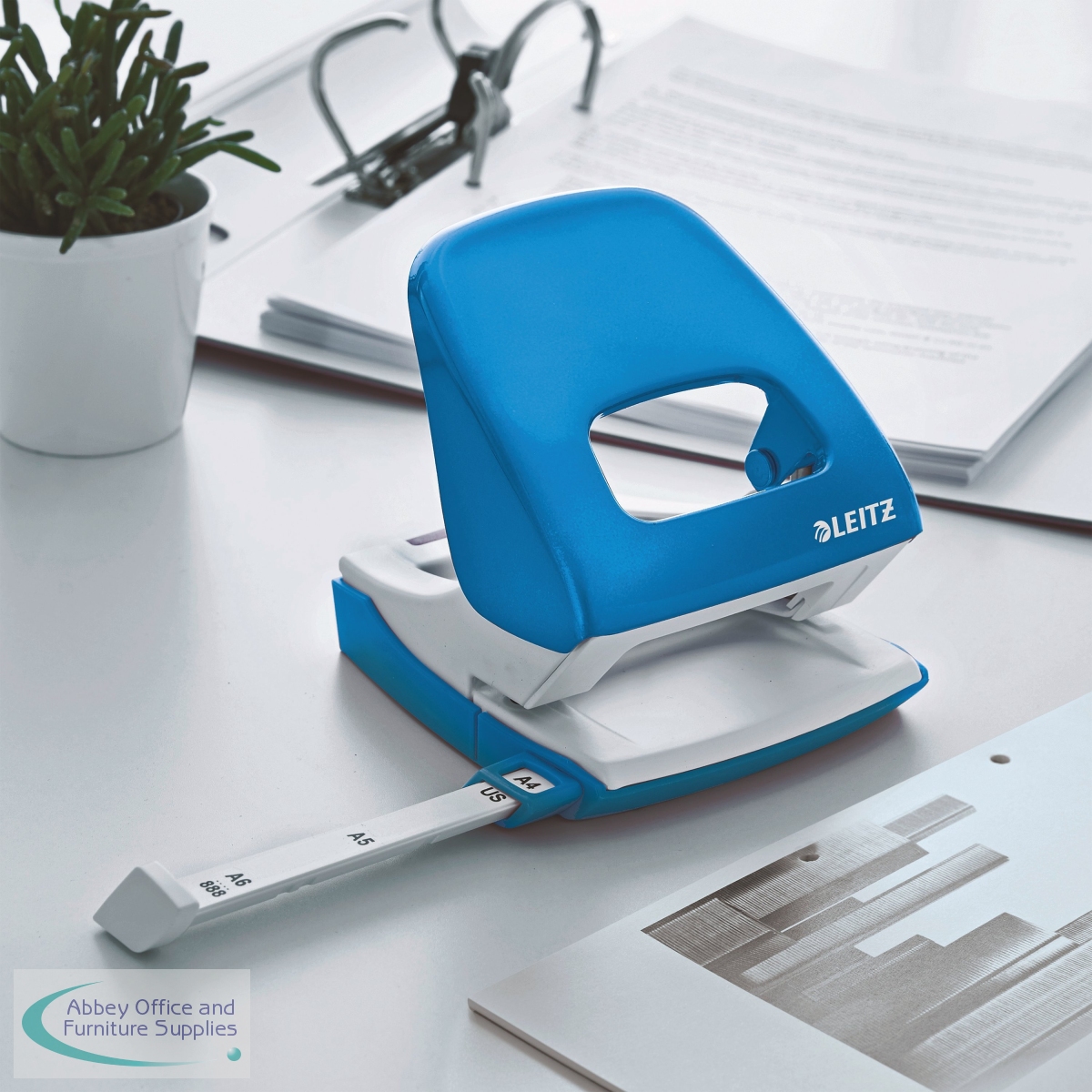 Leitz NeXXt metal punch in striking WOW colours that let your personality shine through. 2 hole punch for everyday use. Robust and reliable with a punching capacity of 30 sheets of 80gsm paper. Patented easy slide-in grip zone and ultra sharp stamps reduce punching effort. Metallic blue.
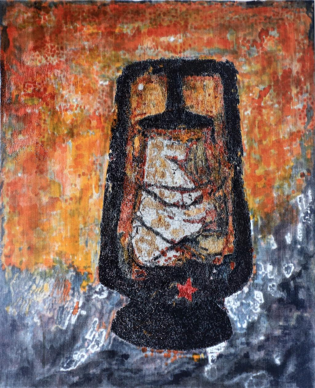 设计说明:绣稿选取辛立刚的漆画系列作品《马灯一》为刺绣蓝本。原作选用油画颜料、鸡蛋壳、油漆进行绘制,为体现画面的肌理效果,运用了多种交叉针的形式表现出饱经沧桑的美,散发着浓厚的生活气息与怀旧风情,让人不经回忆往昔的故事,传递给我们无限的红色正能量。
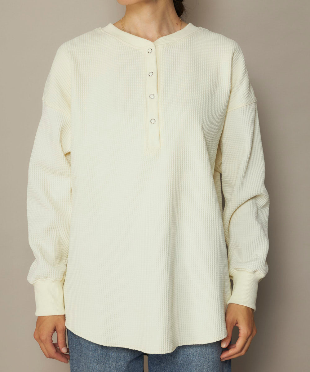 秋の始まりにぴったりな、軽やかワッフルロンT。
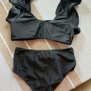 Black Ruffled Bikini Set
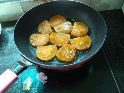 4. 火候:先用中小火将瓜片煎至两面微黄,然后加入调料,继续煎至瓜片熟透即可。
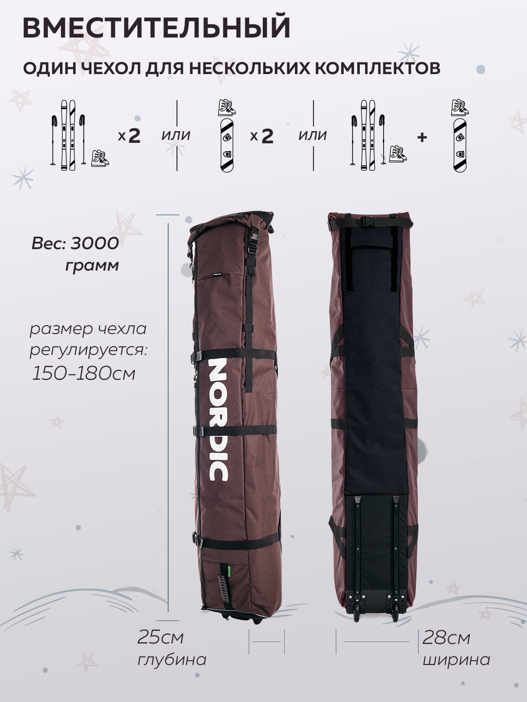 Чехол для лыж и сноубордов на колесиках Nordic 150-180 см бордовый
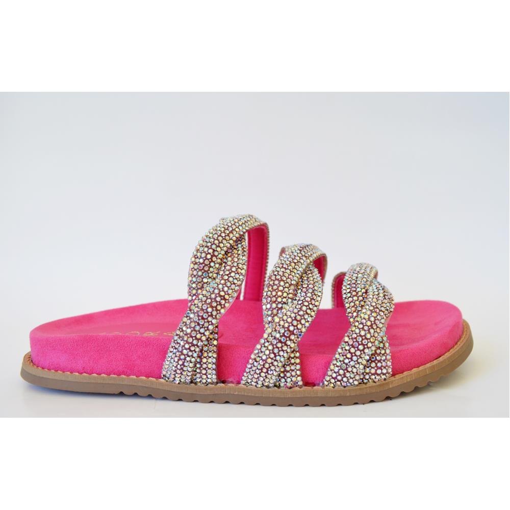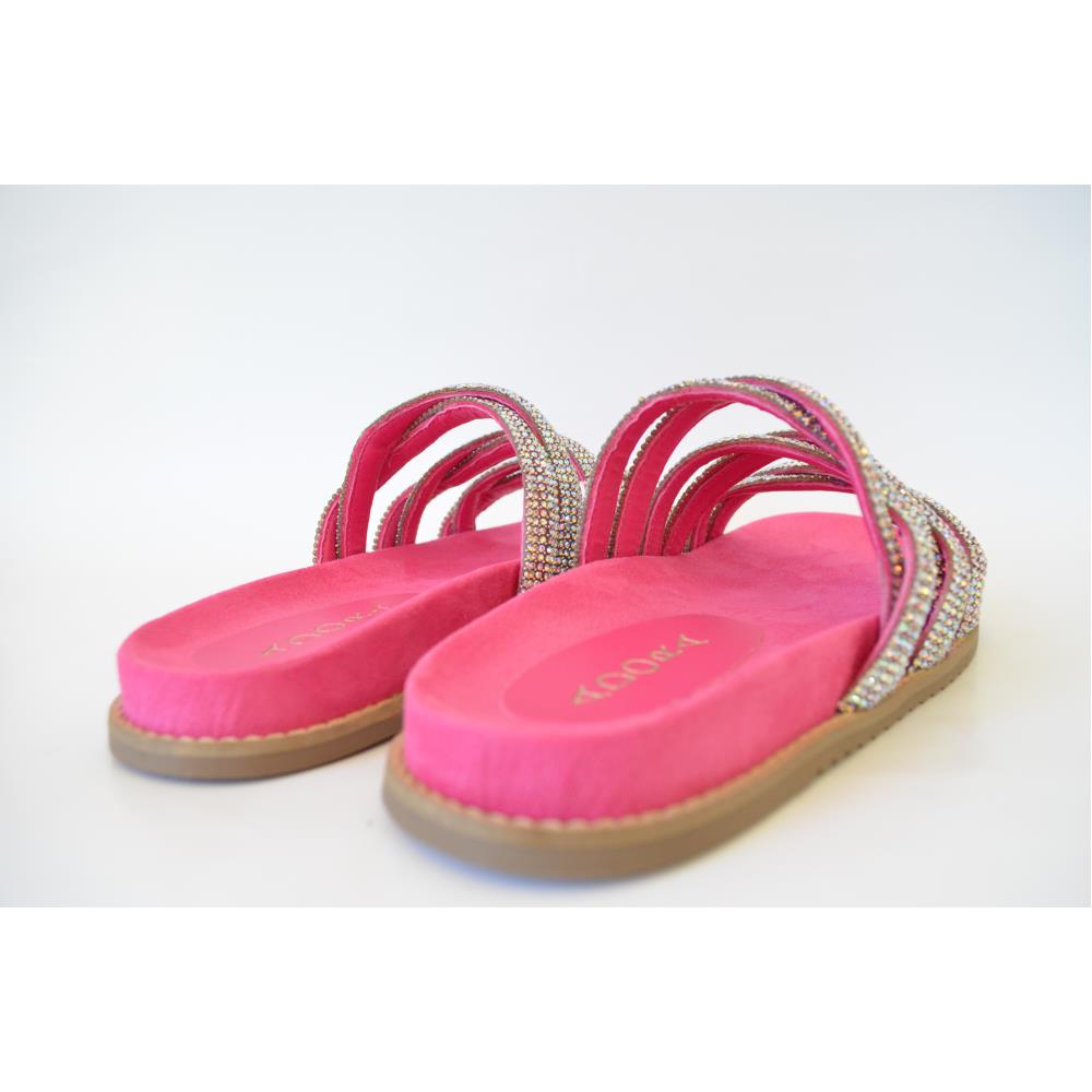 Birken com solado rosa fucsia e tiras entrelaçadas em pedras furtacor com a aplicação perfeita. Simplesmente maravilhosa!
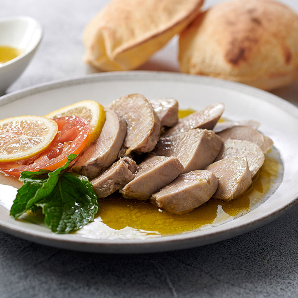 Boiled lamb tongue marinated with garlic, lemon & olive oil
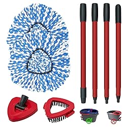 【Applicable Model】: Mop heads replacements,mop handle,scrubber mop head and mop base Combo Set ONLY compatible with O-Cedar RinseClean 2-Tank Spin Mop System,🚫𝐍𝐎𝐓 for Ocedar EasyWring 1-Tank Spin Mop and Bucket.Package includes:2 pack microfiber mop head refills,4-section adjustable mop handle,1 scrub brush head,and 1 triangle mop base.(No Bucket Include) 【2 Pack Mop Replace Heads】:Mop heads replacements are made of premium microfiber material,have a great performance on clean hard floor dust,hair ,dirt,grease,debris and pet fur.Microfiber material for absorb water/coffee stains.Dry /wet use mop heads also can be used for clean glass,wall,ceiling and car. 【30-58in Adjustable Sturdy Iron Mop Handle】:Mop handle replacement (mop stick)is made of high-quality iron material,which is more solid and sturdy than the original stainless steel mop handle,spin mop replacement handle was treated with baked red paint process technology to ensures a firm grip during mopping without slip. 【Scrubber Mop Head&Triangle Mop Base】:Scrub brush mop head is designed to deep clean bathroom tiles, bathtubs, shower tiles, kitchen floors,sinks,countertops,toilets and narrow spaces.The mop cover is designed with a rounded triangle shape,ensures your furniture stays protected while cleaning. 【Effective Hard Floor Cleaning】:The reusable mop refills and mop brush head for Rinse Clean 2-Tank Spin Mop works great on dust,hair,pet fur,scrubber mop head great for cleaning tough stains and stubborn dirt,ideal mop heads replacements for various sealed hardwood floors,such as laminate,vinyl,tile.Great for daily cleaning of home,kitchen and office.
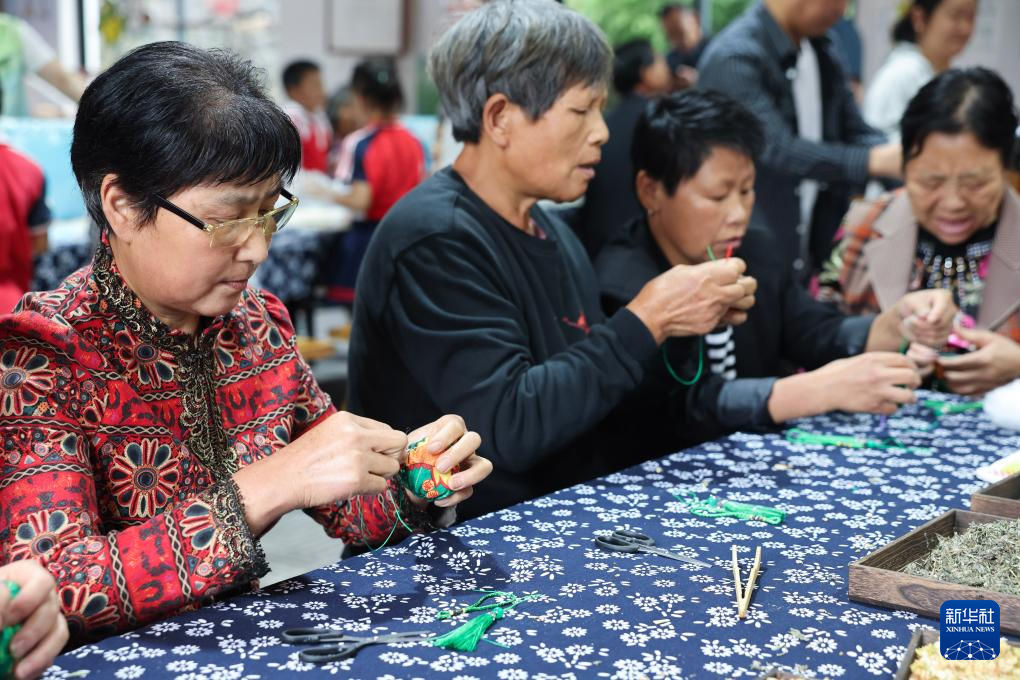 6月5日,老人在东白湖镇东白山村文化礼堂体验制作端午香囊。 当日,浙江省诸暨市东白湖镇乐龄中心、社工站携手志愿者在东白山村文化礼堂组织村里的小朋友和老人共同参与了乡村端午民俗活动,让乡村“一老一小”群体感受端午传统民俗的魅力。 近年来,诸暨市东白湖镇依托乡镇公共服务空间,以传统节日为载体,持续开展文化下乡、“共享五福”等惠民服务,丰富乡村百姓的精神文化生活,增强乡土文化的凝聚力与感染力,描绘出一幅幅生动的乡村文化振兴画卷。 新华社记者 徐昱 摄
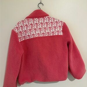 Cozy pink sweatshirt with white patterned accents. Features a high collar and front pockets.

================

Task brief:
What you write out is the stretch of entries from the line containing "4. 火候:先用中小火将瓜片煎至两面微黄,然后加入调料,继续煎至瓜片熟透即可。" to the line containing "Boiled lamb tongue", word for word, with both end lines and no pictures.

Response to this exercise:
 4. 火候:先用中小火将瓜片煎至两面微黄,然后加入调料,继续煎至瓜片熟透即可。
 Чехол для лыж и сноубордов на колесиках Nordic 150-180 см бордовый
 Birken com solado rosa fucsia e tiras entrelaçadas em pedras furtacor com a aplicação perfeita. Simplesmente maravilhosa!
 Boiled lamb tongue marinated with garlic, lemon & olive oil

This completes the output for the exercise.